• **Exercise instructions**
Reproduce, word for word, the lines in the material below starting with the one that has "Het perceel waarop" and going on through the one that has "Le duo offrira". Leave out all pictures.
[Opening Exercise data section]
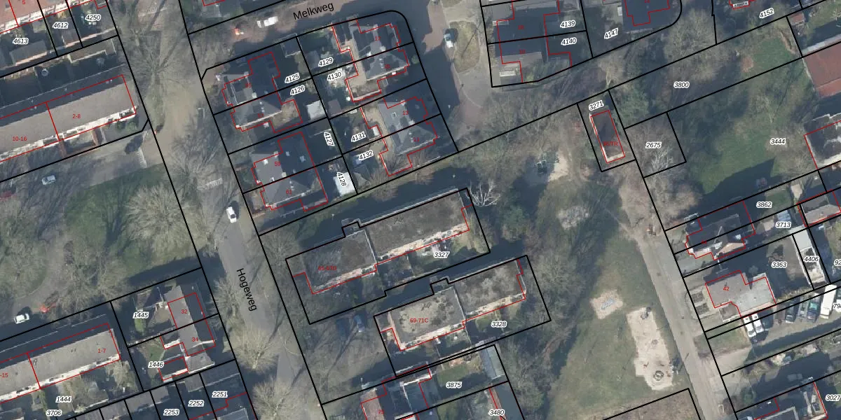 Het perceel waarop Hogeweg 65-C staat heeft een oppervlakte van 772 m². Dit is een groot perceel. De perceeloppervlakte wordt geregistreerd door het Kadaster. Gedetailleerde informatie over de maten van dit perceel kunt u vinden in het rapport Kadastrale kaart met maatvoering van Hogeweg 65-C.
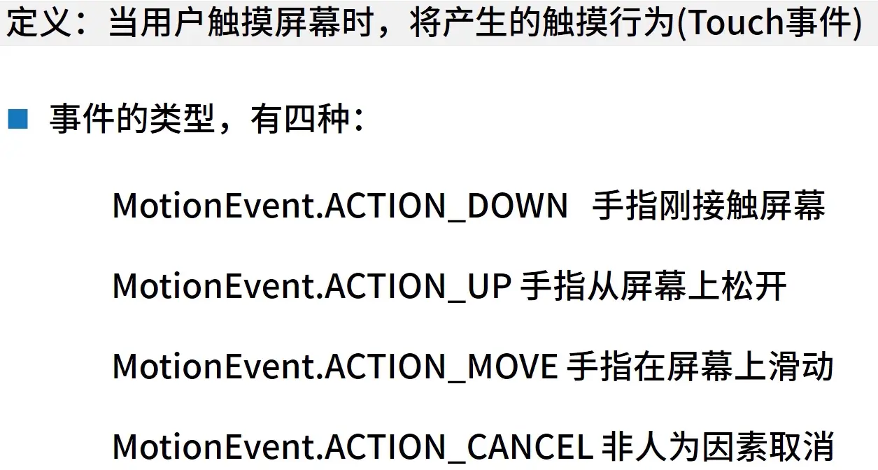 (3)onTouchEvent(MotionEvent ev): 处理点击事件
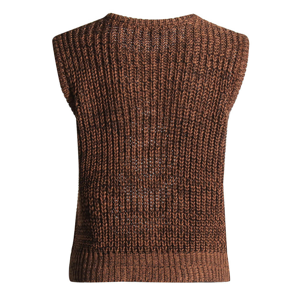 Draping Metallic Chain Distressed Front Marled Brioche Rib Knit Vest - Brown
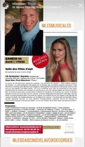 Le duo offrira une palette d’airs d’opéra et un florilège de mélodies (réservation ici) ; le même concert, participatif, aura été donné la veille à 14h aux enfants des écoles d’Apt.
[Closing Exercise data section]
[Opening Exercise data section]
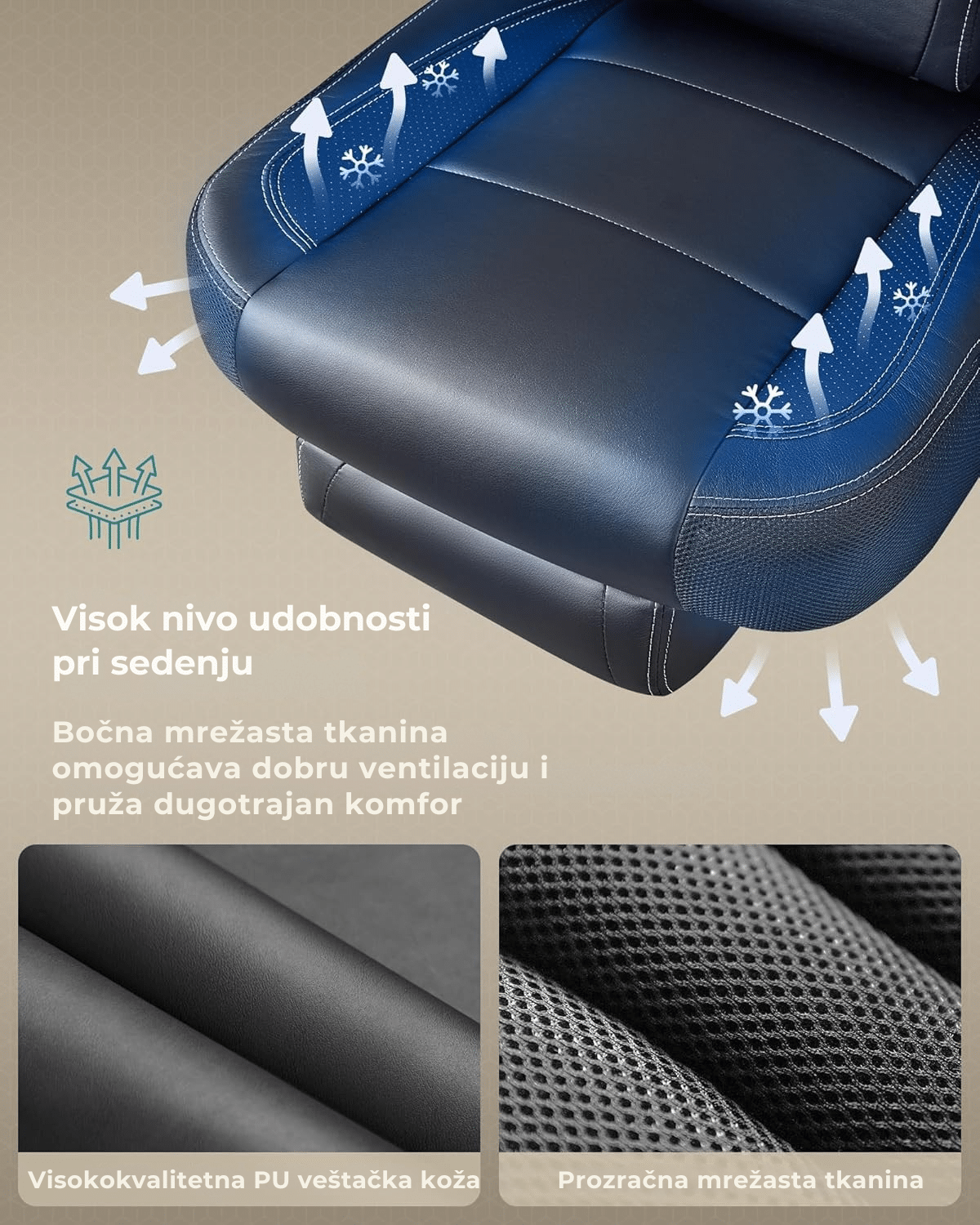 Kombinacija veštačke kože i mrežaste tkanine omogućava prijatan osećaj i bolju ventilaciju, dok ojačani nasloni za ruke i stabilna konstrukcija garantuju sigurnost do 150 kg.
[Closing Exercise data section]
• **Response below**
 Het perceel waarop Hogeweg 65-C staat heeft een oppervlakte van 772 m². Dit is een groot perceel. De perceeloppervlakte wordt geregistreerd door het Kadaster. Gedetailleerde informatie over de maten van dit perceel kunt u vinden in het rapport Kadastrale kaart met maatvoering van Hogeweg 65-C.
 (3)onTouchEvent(MotionEvent ev): 处理点击事件
 Draping Metallic Chain Distressed Front Marled Brioche Rib Knit Vest - Brown
 Le duo offrira une palette d’airs d’opéra et un florilège de mélodies (réservation ici) ; le même concert, participatif, aura été donné la veille à 14h aux enfants des écoles d’Apt.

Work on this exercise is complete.